# EVO triangle, horse shoe pass april 23rd



## andy-mcq (Sep 26, 2008)

got a few interested already as in this thread

http://www.detailingworld.co.uk/forum/showthread.php?t=209546&page=2

so who else would be up for a meet up and drive at the EVO triangle then up to the horse shoe pass for a bite to eat and more pictures:thumb:

looking at the 23rd of april the saterday.

other places to meet up can be arranged if need be , but i can meet people at demon tweeks in wrexham.

times etc can be arranged as we go along.

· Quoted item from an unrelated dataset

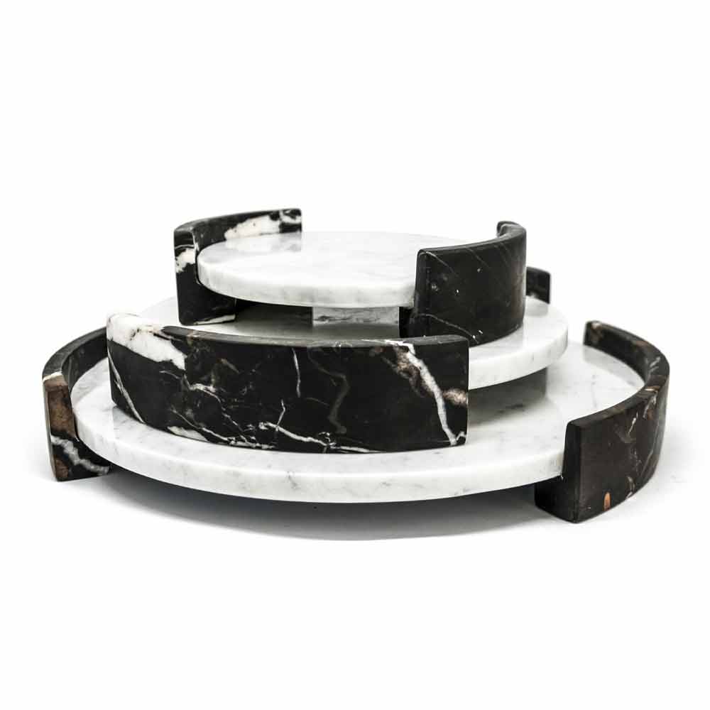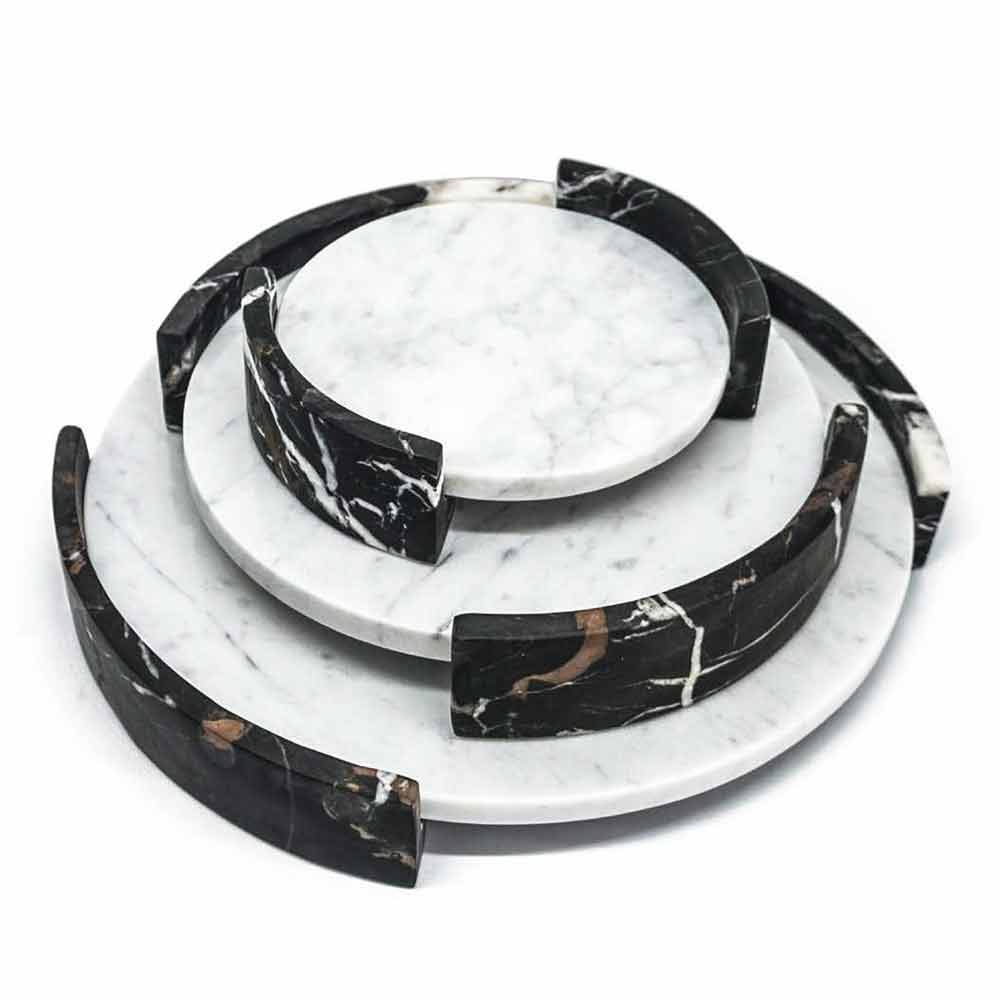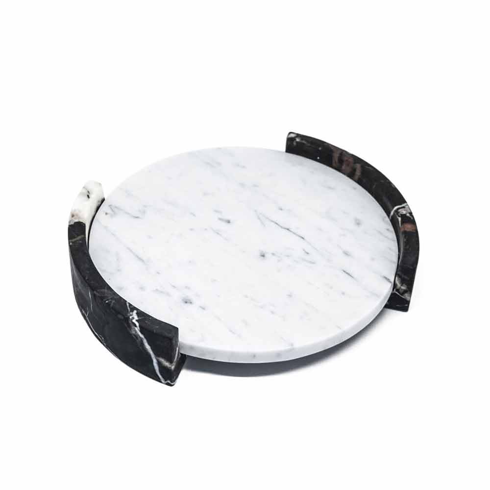 Rundes Tablett aus weißem Carrara-Marmor. Es ist ein einzigartigesStück, da jeder Marmorblock in Adern und Schattierungen unterschiedlich ist. Der für die Realisierung des Produkts verwendete Marmor stammt aus dem Steinbruch Poggio Silvestre, aus dem seit dem letzten Jahrhundert klassifizierter weißer Marmor erster Qualität stammt . Von italienischen Handwerkern handgefertigtes Produkt, das seit Generationen auf Marmorverarbeitung spezialisiert ist. Gerade aus diesem Grund muss jede Abweichung in Form und Farbe als Garantie für die Handwerkskunst angesehen werden.

il also be posting this on bmwownersclub.com , feel free to post it on other forums to:driver:
driving style will be entirly up to yourself although i will highly suggest nothing to over the limit as her majestys finest line the route :thumb:


----------



## andy665 (Nov 1, 2005)

Count me in


----------



## andy-mcq (Sep 26, 2008)

good stuff andy, taking the BMW


----------



## TheGav (Feb 11, 2011)

Im in...but you knew that....


----------



## TheGav (Feb 11, 2011)

Any more interested?


----------



## maestegman (Mar 3, 2011)

Would love to make this but holidaying in another part of the UK.

Did this two years ago in a 350z. Amazing.


----------



## bjarvis2785 (Oct 4, 2008)

Free bump 

'tis a good drive fella's, and if you're meeting at Demon Tweeks first then a good excuse to have a look around their showroom - should be some tidy cars there too this time of year.

I won't be able make the triangle but what time are you thinking you'll be at horseshoe pass?
I take my daughter up there most weekends as she loves the bikes! (she's only 2! lol)

I also pick up an MGF tomorrow for the missus so might take it out for a drive.


----------



## TheGav (Feb 11, 2011)

Cool guys, hope the sun stays out lol


----------